Eravamo io, il mio respiro, la mia musica e il mio specchio.

Continuavo a volteggiare, a saltare, a girare il più velocemente possibile su me stessa.

Il sudore accompagnava ogni mio passo, scivolava, faceva aderire ancora di più il top bianco al mio petto.

La coda che avevo fatto era ormai andata a farsi benedire; avevo più ciocche che ricadevano ed incorniciavano il mio viso che strette nella coda.

Osservavo la mia figura nel grande specchio alla parete. Adoravo osservare i muscoli del mio corpo che si tendevano evidenziando tutte le fasce muscolari, ammirare come il mio corpo potesse muoversi a quel modo arrivando a fare cose che mai avrei pensato, sorridere nel vedere le mie guance arrossate per la fatica. Sentire il pavimento e le pareti che vibravano ai bassi della musica mi davano energia e carica, che esaurivo difficilmente.

Quello era il mio mondo. La mia ancora. Quello che mi aveva permesso di risollevarmi dal buio e dalle tenebre. La mia passione. Il mio dolore.

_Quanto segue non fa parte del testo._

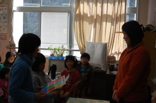1年生と2年生は、夏秋さんに、感謝の気持ちを込めた「ありがとうカード」をプレゼントしました。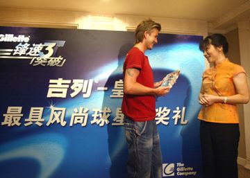 在他談到對“吉列-皇馬最具風(fēng)尚球迷評選”決賽的三個候選人的看法時,他說:“如果你的球迷不僅僅能夠欣賞你踢球的動作,也能夠理解你的個人風(fēng)尚,這對于一個球員來說真是太棒了!”之后他為由在場媒體評委選出的最具風(fēng)尚的球迷頒發(fā)了獎杯。據(jù)悉此前貝克漢姆剛剛在“皇馬中國行”官方網(wǎng)站上舉行的“吉列-皇馬最具風(fēng)尚球星評選”中獲得了最具風(fēng)尚球星的稱號,并且在中央電視臺的《天下足球豪門周-皇家馬德里專場》中接受了吉列公司市場總監(jiān)謝冰先生的頒獎,因此由他來給最具風(fēng)尚的球迷頒獎,顯然是順理成章。

Nonostante fossi sudata marcia, avevo sciolto quella coda che ormai era quasi inesistente, facendo ricadere le ciocche lunghe e scure sulla mia schiena.
Roteavo il capo, tirando i muscoli del collo e avvertendo quella familiare sensazione di dolore-piacere che sentivo ogni volta che liberavo i capelli da una coda troppo stretta.

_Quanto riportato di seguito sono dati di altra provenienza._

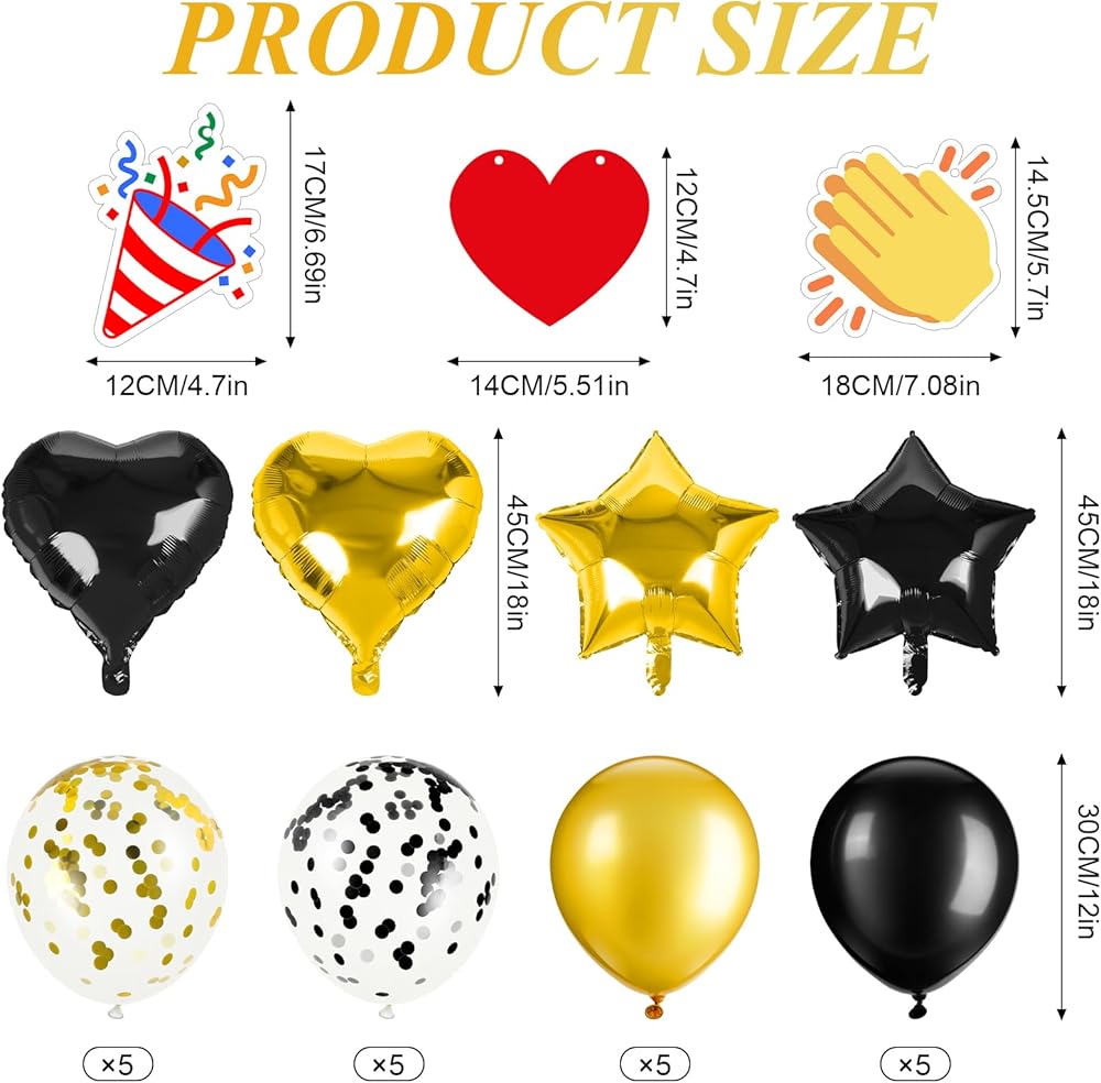 Materials and Size: Latex balloons are made of high-quality materials. Banners and cards are made of high quality card stock.The size of the heart-shaped balloon and the five-pointed star balloon is 45cm/18in; the size of the round balloon is 30cm/12in; the size of the firework card is 17cm/6.7in; the size of the red heart card is 12cm/4.7in; the applause card The dimensions are 14.5cm / 5.7 inches.

Mi ero avvicinata allo specchio, sulla punta dei piedi, ancheggiando lentamente al ritmo della sensuale sinfonia che usciva dalle casse in quel momento.

Avevo stretto tra le mie mani la sbarra di legno morbido, incrociando i miei occhi scuri nello specchio.
Avevo unito i talloni e aperto leggermente le punte nella posizione di partenza. Avevo preso un bel respiro e socchiuso gli occhi.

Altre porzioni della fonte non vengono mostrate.